Attacking Asthma With A One-Two Punch

For many people with asthma, rescue inhalers are a sort of miracle drug. From gasping for air one minute, heart racing, mind foggy, to near immediate relief and calmer breath the next. And yet, roughly ten people die each day from asthma in the U.S. One reason for these largely preventable deaths is that rescue inhalers — this emergency tool, a powerful and effective medicine — can actually stop working, putting people at risk.

To understand why they stop working researchers zoomed into what was happening on the surface of the cells that line our airways. These cells are covered with little antenna-like molecules sticking through the surface of the cell. These antennae, or receptors, look for signals that tell the cell to change its behavior. In asthma, that antenna is called the beta-adrenergic receptor. When it detects the main ingredient of rescue inhalers, called a beta agonist, it sends two signals: One that’s positive and one that’s a negative side-effect at the crux of rescue-inhaler failure.

The positive signal triggers the cell to relax the smooth muscles of the airway and makes breathing easier. The negative signal turns on a cellular molecule called arrestin, which halts the positive signal, reducing muscle relaxation. With arrestin in place, the beta-agonist can no longer signal muscle relaxation, leaving that lung tissue unresponsive to the next puff from the rescue inhaler, if a need arises too soon.

Two research teams have been working on both sides of the beta-adrenergic receptor’s signals — the positive and the negative — finding ways to tamp down the negative and boost the positive. If these approaches continue to show promise in further tests, they could help reduce death from asthma due to rescue inhaler failure.
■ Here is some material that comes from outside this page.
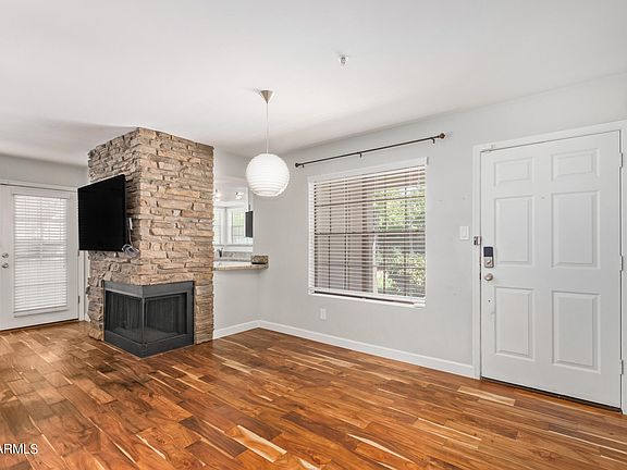 Check out this move in ready home! Inside is an inviting living area with engineered hardwood flooring and lots of natural lighting. The living area has a wood burning fireplace and stunning stone accent wall. The kitchen features granite countertops, black appliances, slow close cabinets, and lots of storage space. There are two master bedrooms-one with a walk-in closet and one with a large attached bathroom with spacious vanity and separate shower and toilet area. A spacious laundry area and linen closet provide additional storage space. This home is located in a wonderful gated community with TWO pools, a tennis court, clubhouse, and gym. Close to the Green Belt in Scottsdale, Canal Path, many parks, and TONS of shopping and dining. This home is also near AZ-101 for easy commuting! This home also includes a patio area and is located within a wonderful gated community with 2 gorgeous pools, a tennis court, clubhouse and more. In close proximity to the home as well is the Green Belt in Scottsdale, Canal Path, many parks, and lots of shopping and dining. This home is also conveniently located near the AZ-101 for easy commuting.

For the last decade, biochemist Jeffrey Benovic, PhD, and team have been looking for a way to block the negative arrestin-mediated signal without suppressing the beneficial signals. In a recent study, co-first authors Michael Ippolito, a graduate student, and Francesco De Pascali, PhD, a postdoctoral fellow working with Dr. Benovic and colleague Charles Scott, PhD, found a molecule that did just that in airway smooth muscle cells in mice. After the receptor binds the rescue inhaler’s beta-agonist, Dr. Benovic’s drug would jump in and block arrestin, keeping the antennae ready to receive the next dose of medicine.

In the meantime, another team of researchers were looking at boosting the positive signals that quickly relieve airway constriction. Deepak Deshpande, PhD, and team at the Center for Translational Medicine were looking for a way to make the positive signal and smooth muscle relaxation stronger and active a little bit longer. Most receptors interact with their target briefly, then let it go, essentially halting the signal to relax. But Dr. Deshpande’s group designed a second chemical that would come in and bind another part of the receptor, causing it to change shape slightly and clamp down on the beta-agonist so that the positive signal stays on longer. They were able to show that when their compound was delivered to human cells and in mice along with the beta-agonist, the strength of the drug improved 60-70%, without a comparable increase in arrestin or receptor degradation.

Although it’s unclear whether Dr. Benovic and Dr. Deshpande’s chemicals could be used together, both could potentially improve how rescue inhalers work for people with asthma, when they need them most. The researchers are looking into additional preclinical tests that would make the case even stronger to take these compounds into clinical trials.